EXERCISE DESCRIPTION: What is needed is an exact copy of the lines from the one containing "- Design & Style: Features" through the last line of the records below, with no pictures.

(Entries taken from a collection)
******
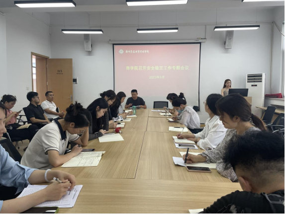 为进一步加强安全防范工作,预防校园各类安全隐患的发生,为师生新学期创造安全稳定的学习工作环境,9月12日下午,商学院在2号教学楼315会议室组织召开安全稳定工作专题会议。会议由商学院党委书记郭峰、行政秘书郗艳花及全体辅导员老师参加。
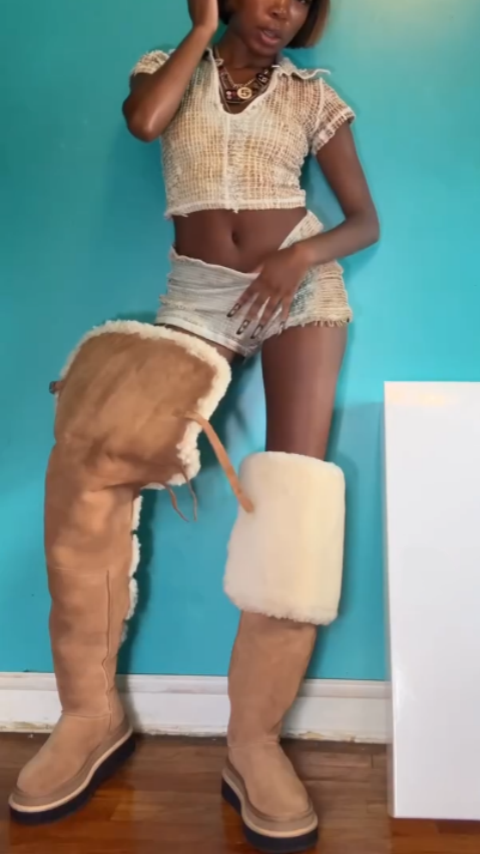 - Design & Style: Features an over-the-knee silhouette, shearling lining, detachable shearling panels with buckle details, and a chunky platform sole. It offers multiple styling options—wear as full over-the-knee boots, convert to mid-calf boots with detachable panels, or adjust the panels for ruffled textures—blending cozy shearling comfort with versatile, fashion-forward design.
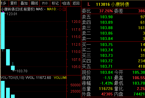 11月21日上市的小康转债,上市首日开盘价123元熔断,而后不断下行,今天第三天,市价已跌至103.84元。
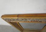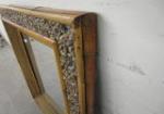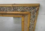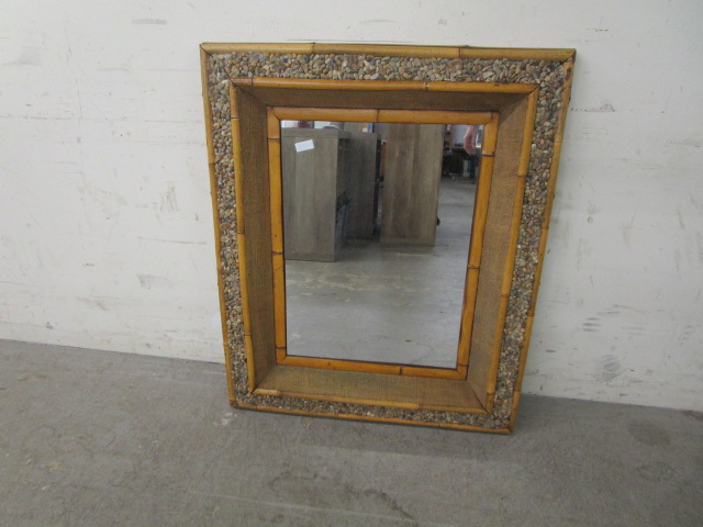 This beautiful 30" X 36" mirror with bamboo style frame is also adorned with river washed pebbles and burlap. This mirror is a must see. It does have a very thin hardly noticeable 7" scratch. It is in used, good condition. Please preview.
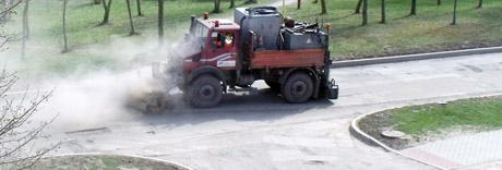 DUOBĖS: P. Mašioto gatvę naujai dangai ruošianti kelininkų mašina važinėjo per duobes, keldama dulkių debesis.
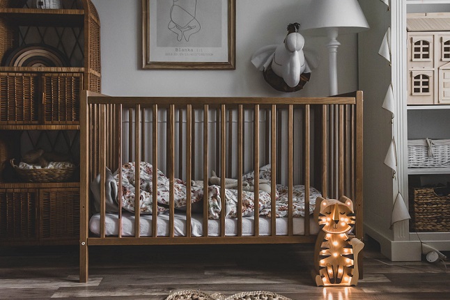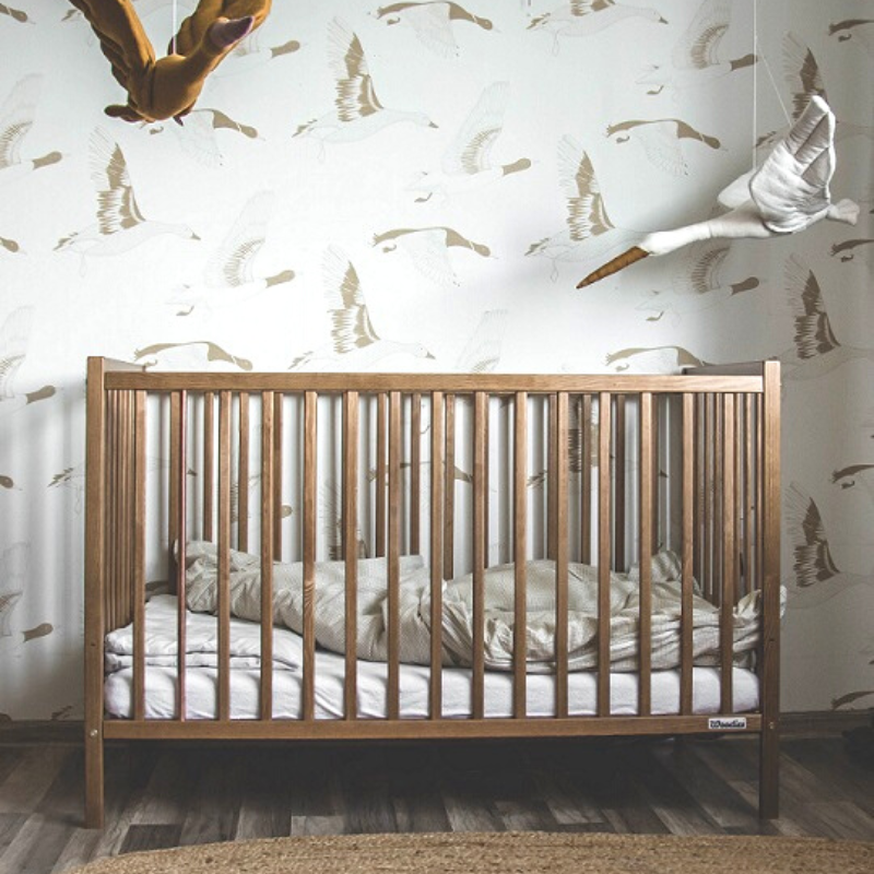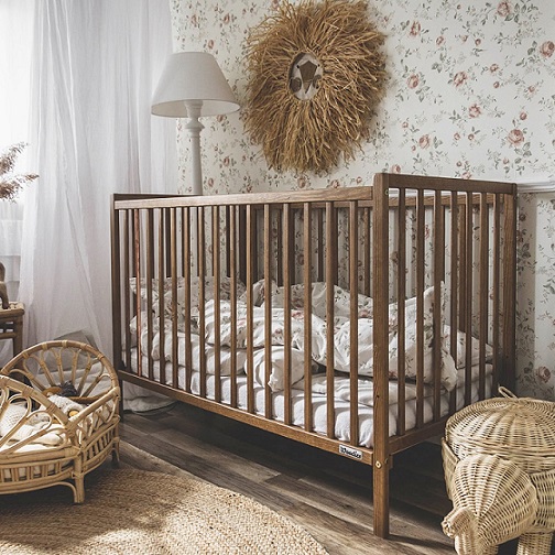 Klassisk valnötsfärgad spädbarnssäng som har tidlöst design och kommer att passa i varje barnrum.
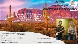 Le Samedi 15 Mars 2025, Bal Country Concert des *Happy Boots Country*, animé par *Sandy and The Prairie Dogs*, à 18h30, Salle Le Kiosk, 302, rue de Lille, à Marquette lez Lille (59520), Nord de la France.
******
RESPONSE:
 - Design & Style: Features an over-the-knee silhouette, shearling lining, detachable shearling panels with buckle details, and a chunky platform sole. It offers multiple styling options—wear as full over-the-knee boots, convert to mid-calf boots with detachable panels, or adjust the panels for ruffled textures—blending cozy shearling comfort with versatile, fashion-forward design.
 11月21日上市的小康转债,上市首日开盘价123元熔断,而后不断下行,今天第三天,市价已跌至103.84元。
 This beautiful 30" X 36" mirror with bamboo style frame is also adorned with river washed pebbles and burlap. This mirror is a must see. It does have a very thin hardly noticeable 7" scratch. It is in used, good condition. Please preview.
 DUOBĖS: P. Mašioto gatvę naujai dangai ruošianti kelininkų mašina važinėjo per duobes, keldama dulkių debesis.
 Klassisk valnötsfärgad spädbarnssäng som har tidlöst design och kommer att passa i varje barnrum.
 Le Samedi 15 Mars 2025, Bal Country Concert des *Happy Boots Country*, animé par *Sandy and The Prairie Dogs*, à 18h30, Salle Le Kiosk, 302, rue de Lille, à Marquette lez Lille (59520), Nord de la France.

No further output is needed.